- Venue: McDonald's Olympic Swim Stadium
- Date: July 30, 1984 (heats & finals)
- Competitors: 23 from 16 nations
- Winning time: 2:30.38 AM

Medalists
- 1st place, gold medalist(s):  / Anne Ottenbrite / Canada
- 2nd place, silver medalist(s):  / Susan Rapp / United States
- 3rd place, bronze medalist(s):  / Ingrid Lempereur / Belgium

= Swimming at the 1984 Summer Olympics – Women's 200 metre breaststroke =

The final of the women's 200 metre breaststroke event at the 1984 Summer Olympics was held in the McDonald's Olympic Swim Stadium in Los Angeles, California, on July 30, 1984.

== Records ==
Prior to this competition, the existing world and Olympic records were as follows.

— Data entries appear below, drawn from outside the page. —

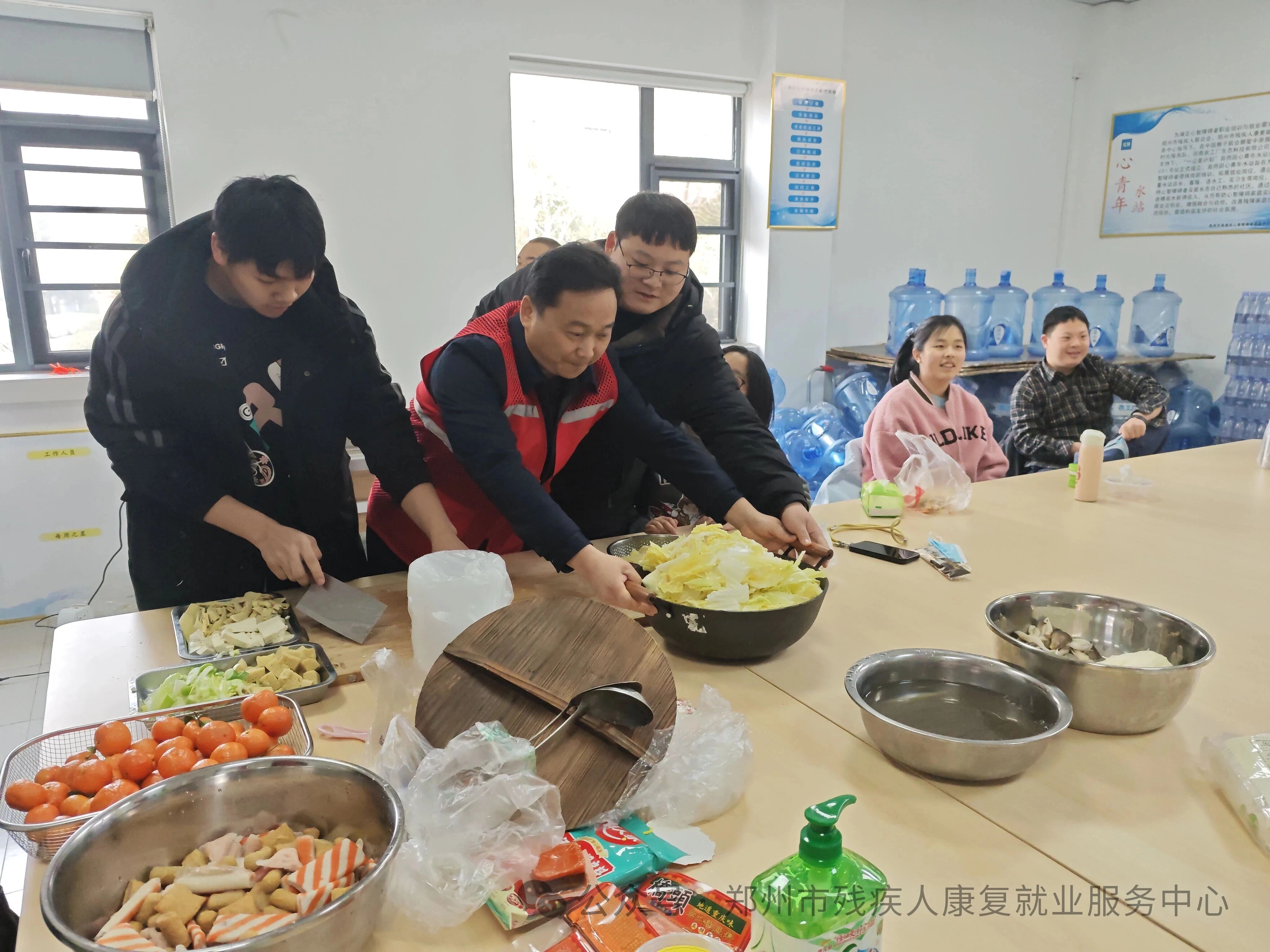 融学活动以日常烹饪技能为教学内容,分为食材识别、工具使用、清洁处理、安全备餐等环节,通过步骤分解与实时指导,确保参与者在动手过程中逐步掌握关键技能,强化操作记忆与安全意识。在志愿者与指导老师的“一对一”辅助下,“心青年”逐步完成了腊八粥熬制与火锅食材准备等实践任务。实践结束后,“心青年”共同用餐,在真实生活场景中巩固学习成果,有效提升了技能应用的信心与熟练度。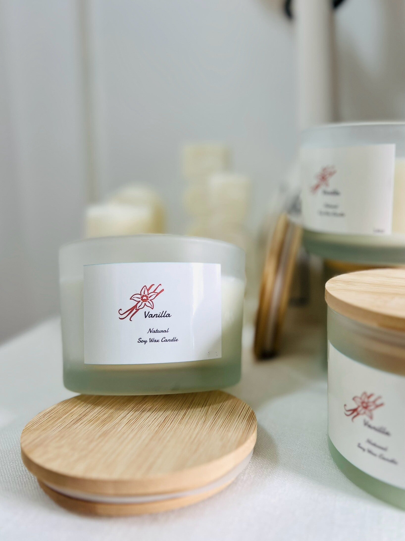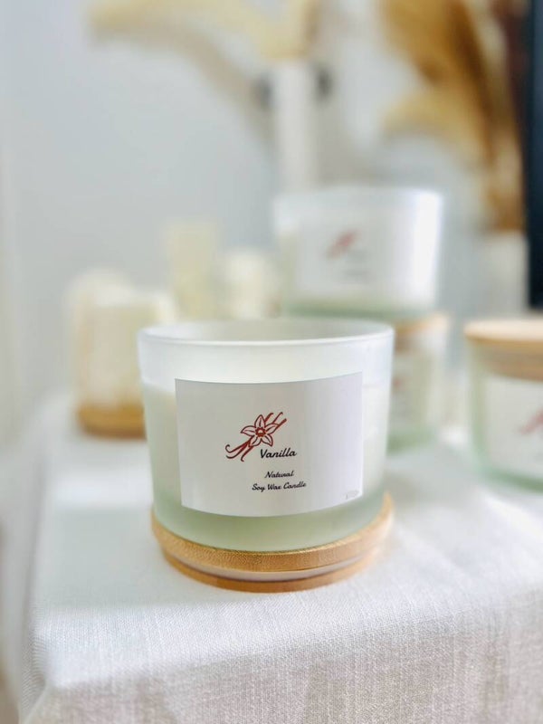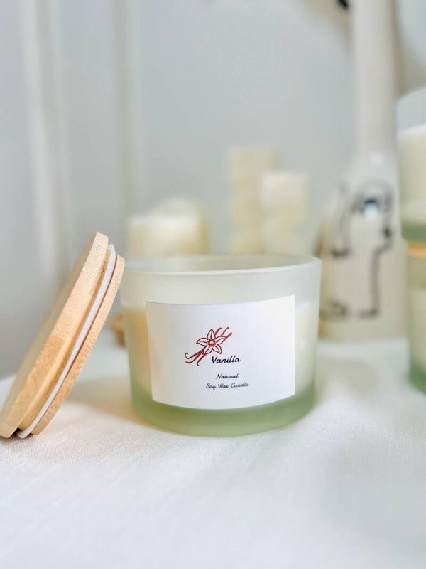 Bring warmth and serenity into your space with the Vanilla Dream Soy Candle. Hand-poured from natural soy wax, this candle offers a calming vanilla fragrance that soothes your senses and creates a cozy ambiance. Housed in a minimalist frosted jar with a bamboo lid, it adds a touch of elegance to any decor. Whether you’re unwinding after a long day or setting the mood for a peaceful evening, the Vanilla Dream Soy Candle is your perfect companion.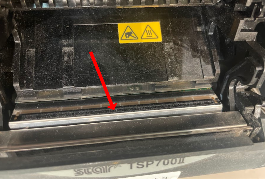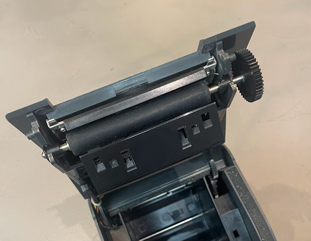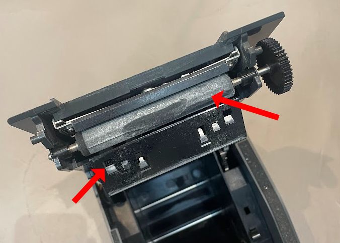 Les trois zones à nettoyer plus particulièrement sont le rouleau d'entrainement, le détecteur de marques noires et la tête d'impression thermique.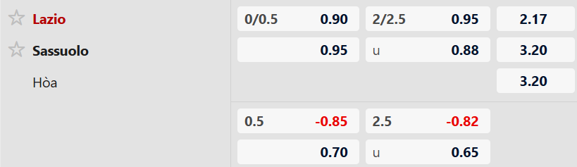 Thông tin tỷ lệ kèo Lazio vs Sassuolo: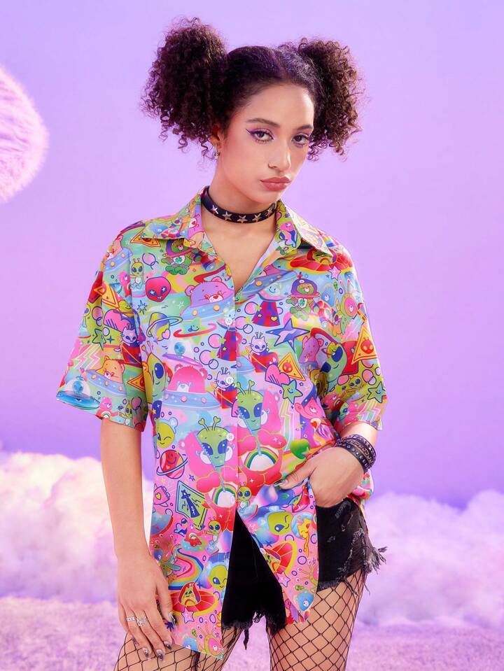 ROMWE X Care Bears Loose Fit Colorful Alien Printed Shirt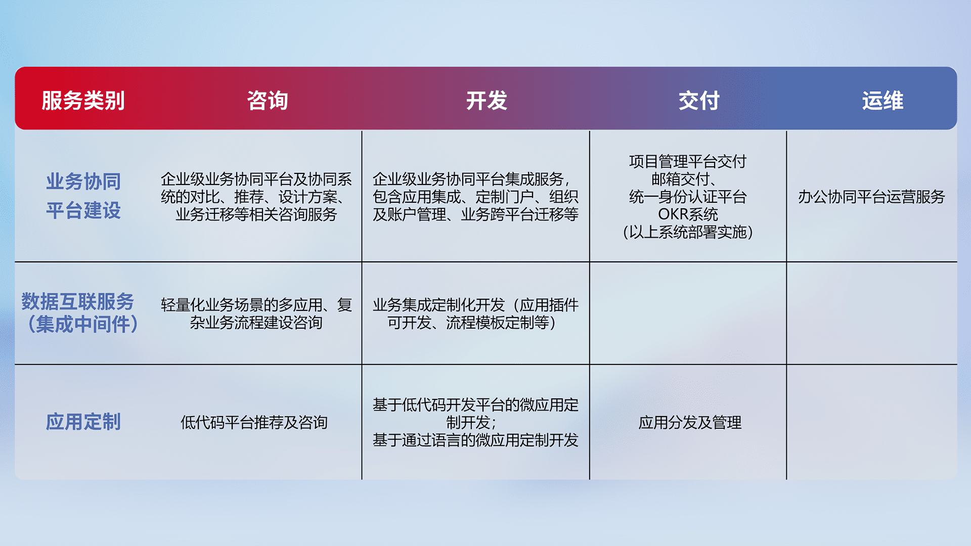 针对钉钉、、、、企微、、IDaas等平台级产品提供产品的规划、、方案、、交付、、、定制化开发等服务,,,,实现如统一协同办公、、、智能客户服务、、、混合会议管理、、、智能数据查询、、、等业务场景,,,,实现数字化转型。。。。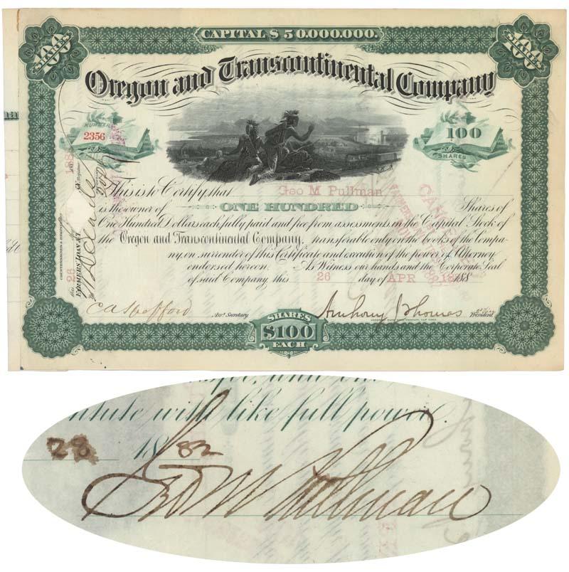 1882, Oregon. Stock certificate for 100 shares. Green/Black. Engraved panoramic vignette of Native Americnas overlooking a valley with steam locomotives and rivers. Issued to and signed on verso by George M. Pullman (1831-1897). Industrialist; Inventor. Pullman's Palace Car company was organized in 1867 after public acceptance of his "Pioneer" sleeping car. Guided by Pullman's business acumen, the company grew to become the greatest railroad car construction company in the world. Very fine condition. Diamond cut and stamp cancelled, neither affecting Pullman's large signature.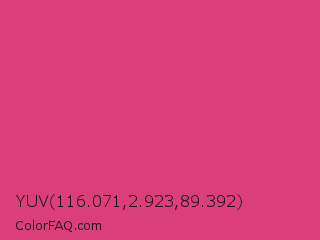 YUV 116.071,2.923,89.392 Color is a normal rose color and the nearest color is Magenta Pantone #d0417e. Hex code #da3f7a and RGB value is rgb(218,63,122). In RGB color space, this color is composed of 85% red, 25% green, 48% blue, In CMYK color space, this color is composed of 0% cyan, 71% magenta, 44% yellow , 15% black , In HSL color space, this color has a hue angle of 337° , 68% saturation and 55% lightness.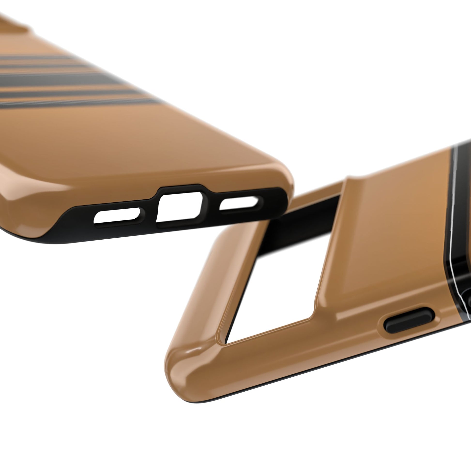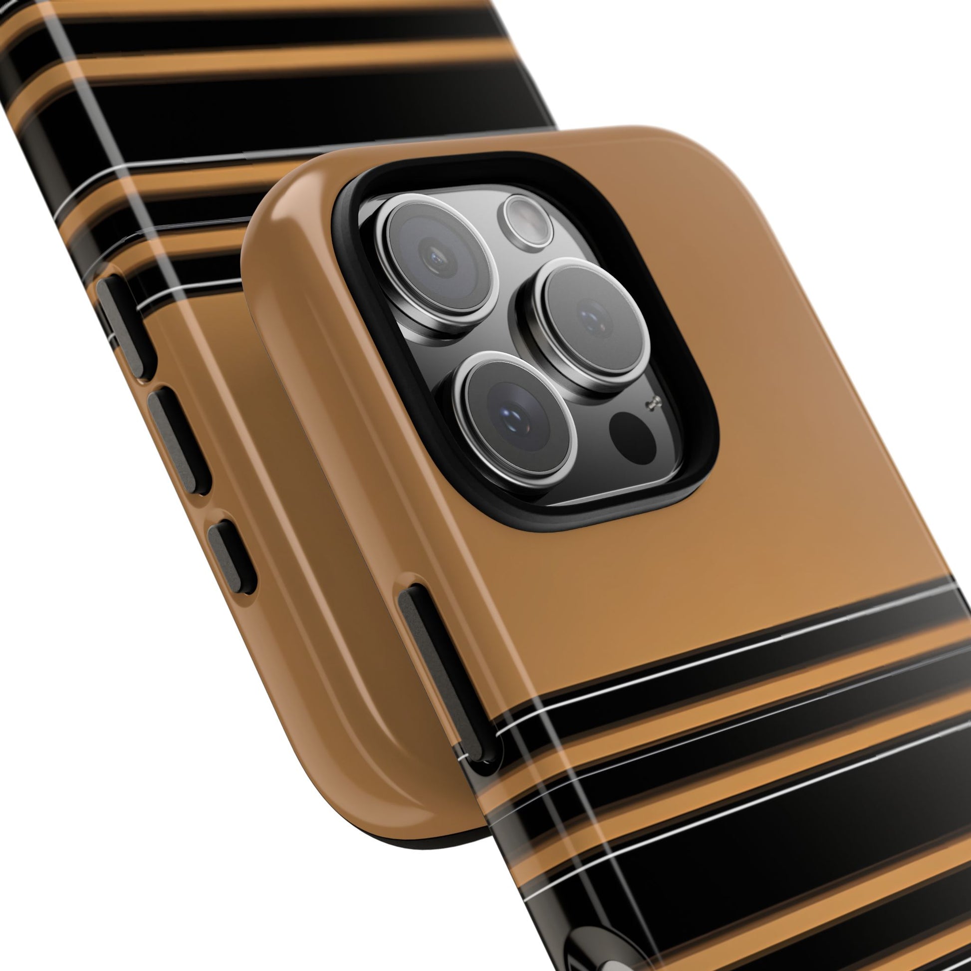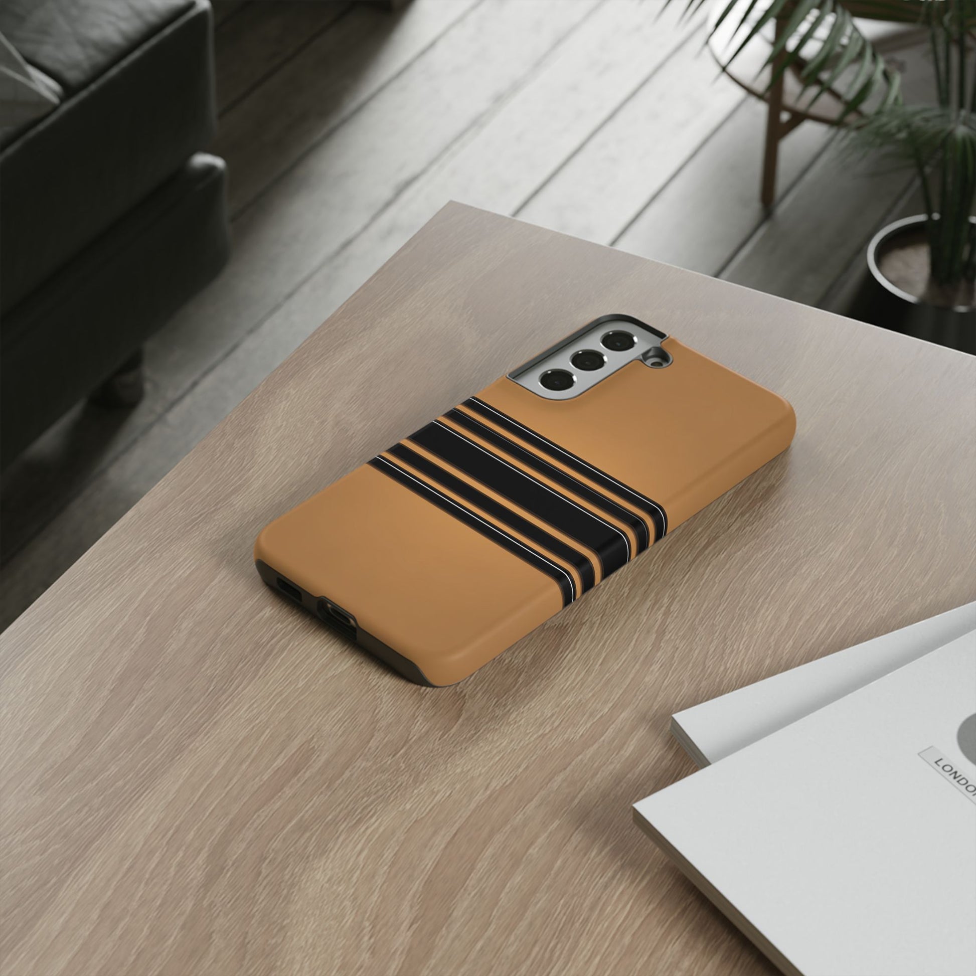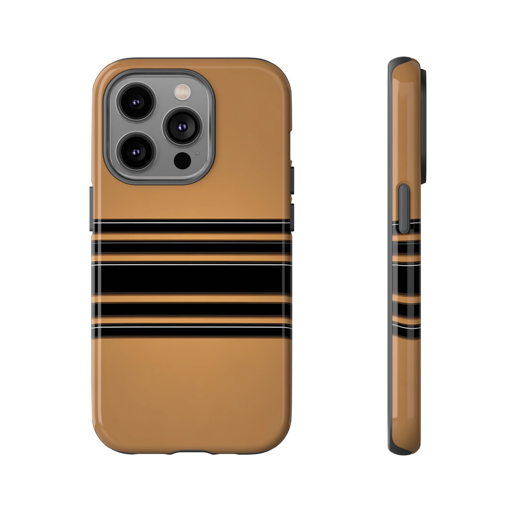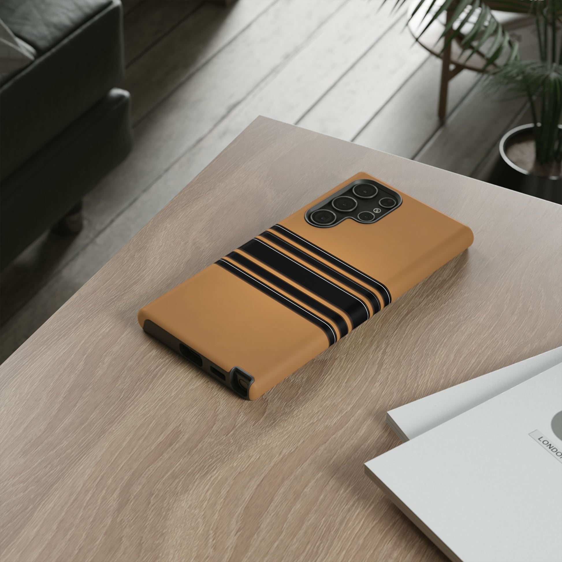 A crisp horizontal stripe centered on a smooth chocolate background for a bold, minimalist look.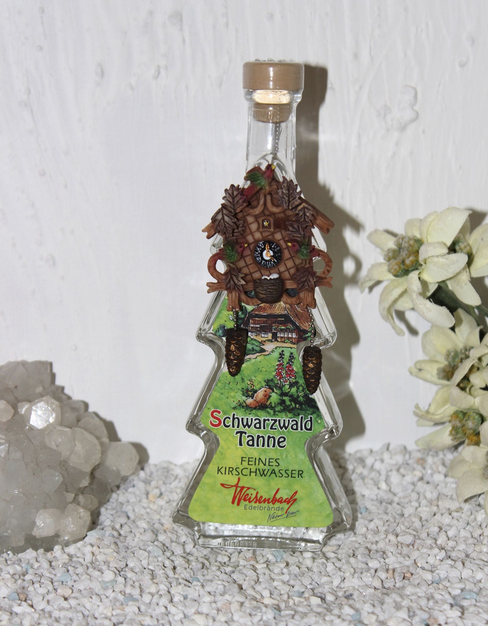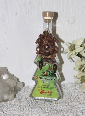 Die Tannenflasche ziert eine liebevoll gefertigte und handbemahlte Schwarzwälder Kuckucksuhr.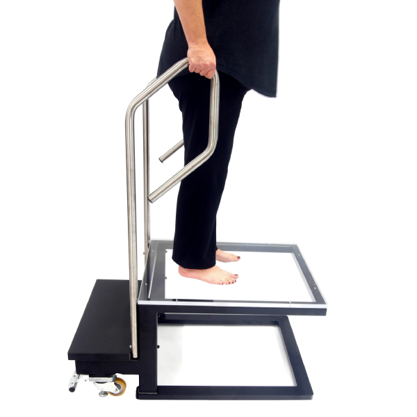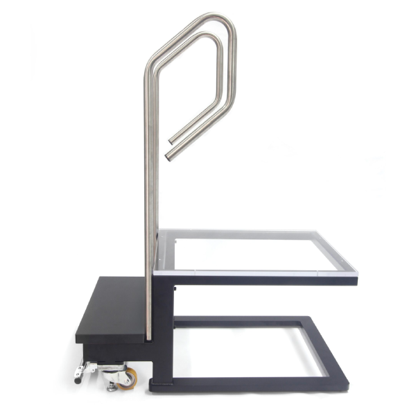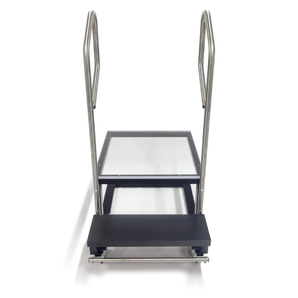 Built for durability and safety, the platform features a welded steel frame, stainless steel handrails, and a clear polycarbonate top. This robust construction provides stable support with a weight capacity of over 500 pounds.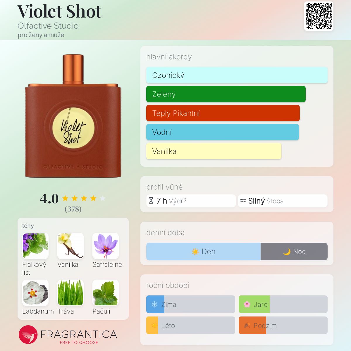Violet Shot podle Olfactive Studio je Floral vůně pro ženy a muže. Violet Shot byl/a uveden/a v roce 2019. "Nosem" za touto vůní je Dominique Ropion. Vrchní tóny jsou Zelená tráva, Italská mandarinka a Růžový pepř; střední tóny jsouFialkový list a Safraleine ; základní tóny jsou Madagaskarská vanilka, Španělské labdanum a List indonéského pačuli.

| World record | Lina Kačiušytė (URS) | 2:28.36 | Potsdam, East Germany | 6 April 1979 |
| Olympic record | Lina Kačiušytė (URS) | 2:29.54 | Moscow, Soviet Union | 23 July 1980 |

==Results==

===Heats===
Rule: The eight fastest swimmers advance to final A (Q), while the next eight to final B (q).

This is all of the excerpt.